The Bakersfield Jammers, known originally as the San Jose Jammers, were an American professional basketball team that were members of the Continental Basketball Association (CBA) from 1989 to 1992. Originally based in San Jose, California, the team relocated to Bakersfield, California for their final season.

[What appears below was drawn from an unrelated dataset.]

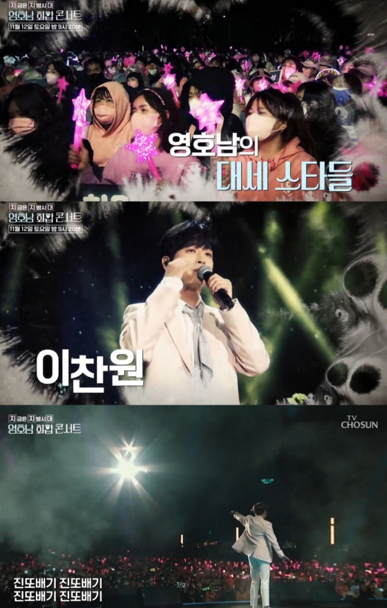 가수 이찬원이 '영호남 화합 콘서트'에서 선보인 무대 영상이 네이버 TV 1위에 오르며 인기를 빛냈다.

The team was created by former Oakland A's executive Fred Kuenzi through a CBA basketball league expansion. Although Fred was initially named as team spokesman and introduced as the team's first general manager, he had previous commitments that prohibited him from remaining on in that capacity. He served as a team consultant. Fred obtained capital investment funding by bringing in former assemblyman Dominic L. Cortese as majority owner. The Jammers' inaugural roster included high-scoring guards Freddie Banks (Las Vegas Silver Streaks) and Butch Hays, forward David Boone, and center Casey Crawford.

San Jose Jammers games were broadcast on radio station KSJX.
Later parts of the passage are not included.